Girassol’s dining room is small in the best sense, just 20 tables nicely clustered, including a glassed in porch at the front.


Murals and fine tiles set the atmosphere indoors, but it’s the people who really make you feel that you’re in Portugal. As much as I enjoy being in the Netherlands, the service in many restaurants and cafés is often slow and indifferent. In only five minutes, three different people at Girassol had greeted us and offered us drinks, including co-proprietor Wilma Texeira. Every one of them smiled and showed concern for our welfare.

At that very busy time right before the fado was to begin, I asked to taste two of the house wines. No problem. The other owner, Carlos Texeira, brought them over himself and was gratified to discuss them. In moments, we had a bottle of superior rosé, crunchy bread hot from the oven and a luscious tapenade. Next, I chose a duck confit that any restaurant would be proud of, falling off the bone for only good reasons. The main dish was a fish whose name I didn’t catch cooked to flaky perfection, then served atop creamy potatoes and a variety of other vegetables that melted away on the tongue.

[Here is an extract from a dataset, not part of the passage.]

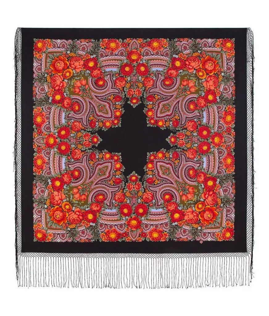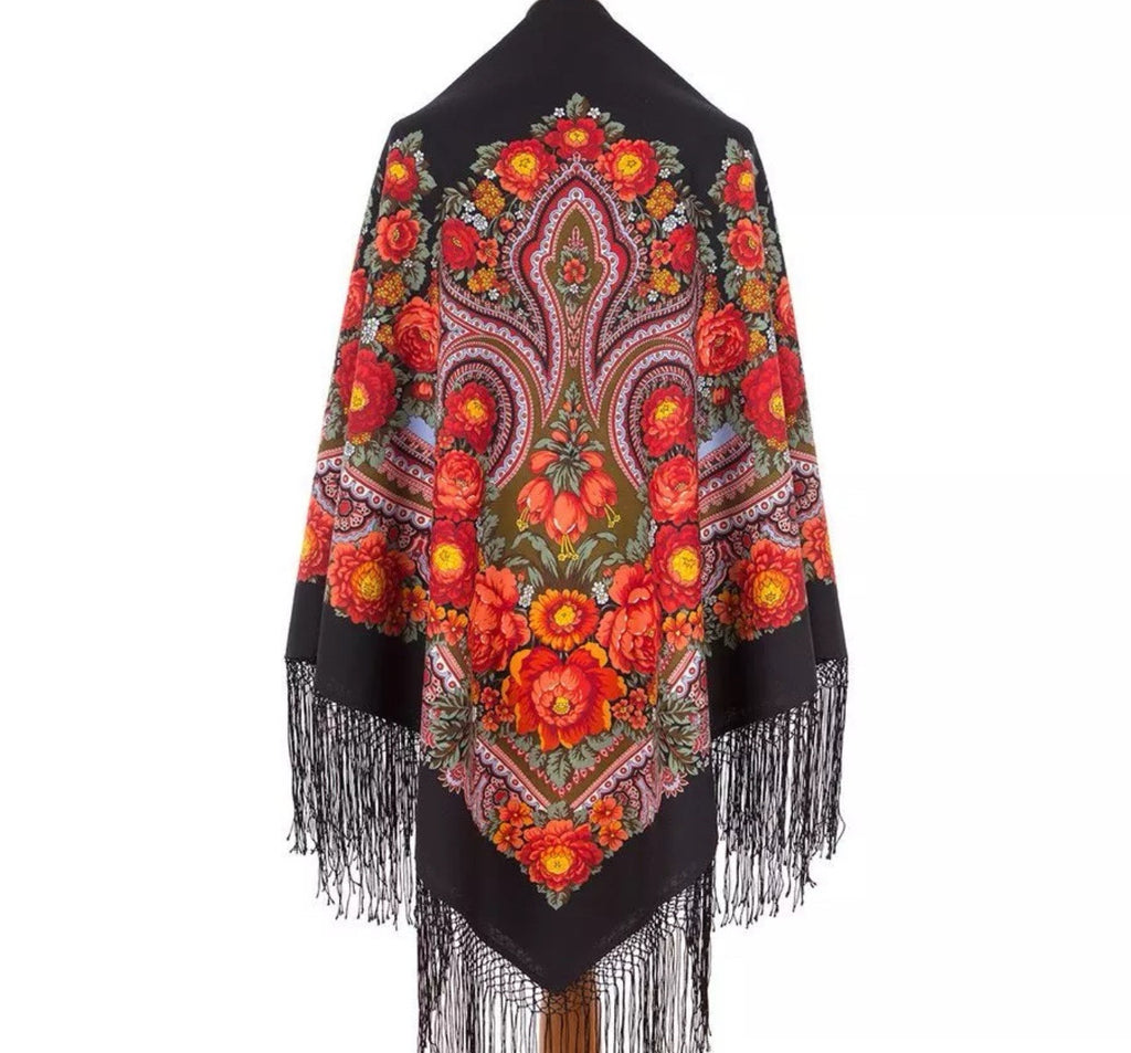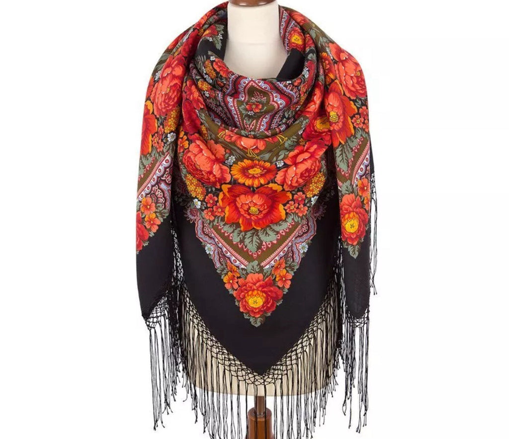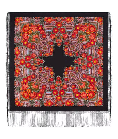 This 58’’ square scarf is made of 100% Merino wool in a black, red, and floral design from the Russian brand Pavlovo Posad. This Russian scarf is a perfect gift and features leaves, flowers, and ethnic accents with fringe details, perfect for adding a touch of Slavic-inspired style to any outfit. Versatile for all seasons, it can be worn as a shawl, head scarf, neck warmer, or stole, offering a multifunctional accessory that adds elegance and warmth.

When dessert arrived, it was the piece de résistance: four mouthfuls of superb flourless chocolate cake with a side of sponge cake, accompanied on the journey by strawberry and lemon mousses divided by a fine green line of mint. It looked like a fine painting but tasted much better.

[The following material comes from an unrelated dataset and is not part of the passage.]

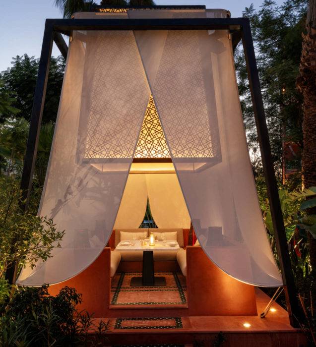 Deux tentes invitaient à flâner, lire, déjeuner, en comité restreint. La troisième cachait en ses entrailles une œnothèque et une cave surmontées d’un spectaculaire lustre de corde. « Pour écrire ce chapitre de La Mamounia, confira Patrick Jouin, je me suis répété ces mots de Giuseppe Tomasi di Lampedusa dans Le Guépard : Il faut que tout change pour que rien ne change. »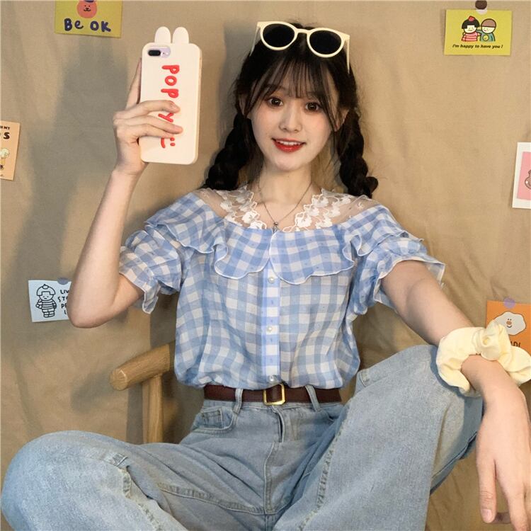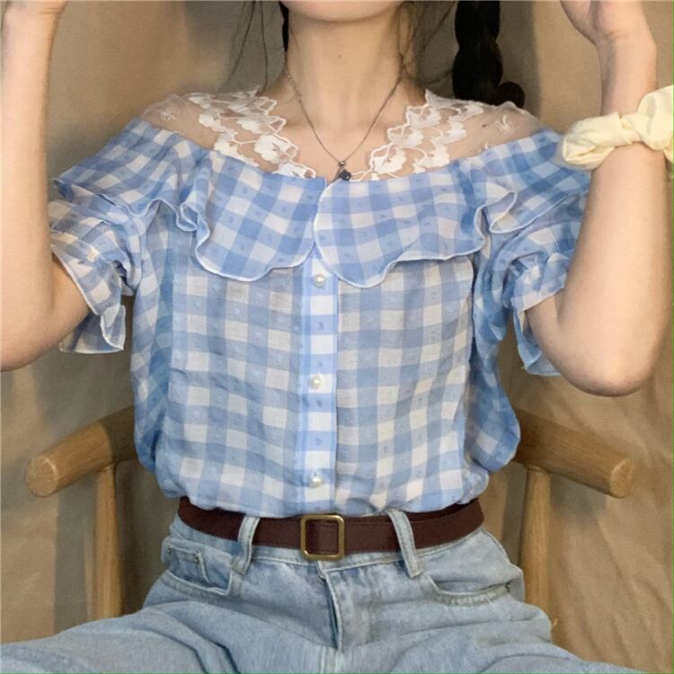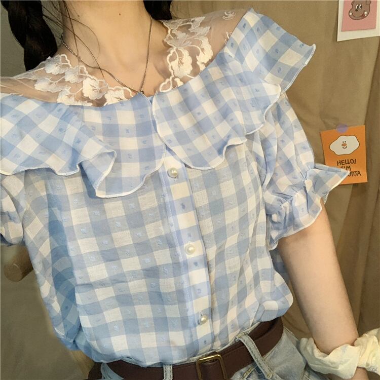 ✞ シャツブラウスチェック柄パールバックルストラップレス半袖スリーブトップス ショート ハーフスリーブ 大人ガーリー スウィート キュート カジュアル 真珠 ✞ゴスロリ SM ミリ 甘ロリ クラロリ 和ロリ エレガント 黒ロリ 姫ロリ 華ロリ BB-BB4115243

Between courses, we were treated to fado of a far, far better quality than we had any reason to expect in a tiny venue in Amsterdam. Maria de Fatima looks the part, with the black shawl and dress, the beautiful and wise features of a woman who has seen a lot in life, the well cut but simple coiffure. Her voice is as good as the best French wine you have ever been lucky enough to drink: rich, deep, longlasting and varied.


She grew up in Lisbon and began singing this music at the age of eight, and was performing only a few years later. It is literally in her blood, and she has never tired of it, only held it closer and closer. Her accompanists on the Portuguese guitar, guitar and string base are as tuned to her as other human beings could be. When they play on their own, you realize what amazing musicians they are in their own right.

The mood of fado always includes a melancholy, or at least nostalgic, strain; they are after all songs of fate with origins in Moorish and Brazilian slave music. Maria also varied the program to include more upbeat moments, and she was skilled at luring the crowd into singing with her. Many seemed to be regulars who knew the songs. I can’t wait to join them.

Brain Science and the Piano

If my Dutch were better, I would have realized that the piano program at the Recital Hall of the Concertgebouw involved a lecture first, especially since it was titled “Music, Imagination and the Brain.” We swept into our seats at 8:15 precisely, ready for a glorious Schubert sonata. Instead, Erik Scherder, a professor of psychology, entertained us even in Dutch (of which we have only scattered words), as we speculated about what his slides of the brain might mean. He’s a thin man with white hair and trimmed beard and a vivacious manner. We were amazed to see a brief film of an Alzheimer’s patient playing a complex classical piano piece; the slide was titled “Unforgettable?”

The Recital Hall

The Recital Hall

When the music began, it was well worth the wait. Katia Veekmans emerged in a gown that was the exact opposite of the subdued décor around her: a tall woman with a fine figure wrapped in bright red crushed silk, a strapless gown that fitted close to her body until it broke into two wide ruffles at the bottom, caught up in a huge bow-like flower. A dreamy Schubert sonata, fiery Liszt, clanging Bartok and lively Prokofiev, punctuated by an intermission with wine or soft drinks for everyone, included in the price of the tickets. Under the glittering chandeliers in the lounge, who could resist?

More information about the beauties of the Recital Hall is here.  To glimpse the Concertgebouw in 1940-45, click here.

After the concert, most people climb onto their bicycles or the tram, also free with your ticket. In an era of global warming, that’s my idea of civilization.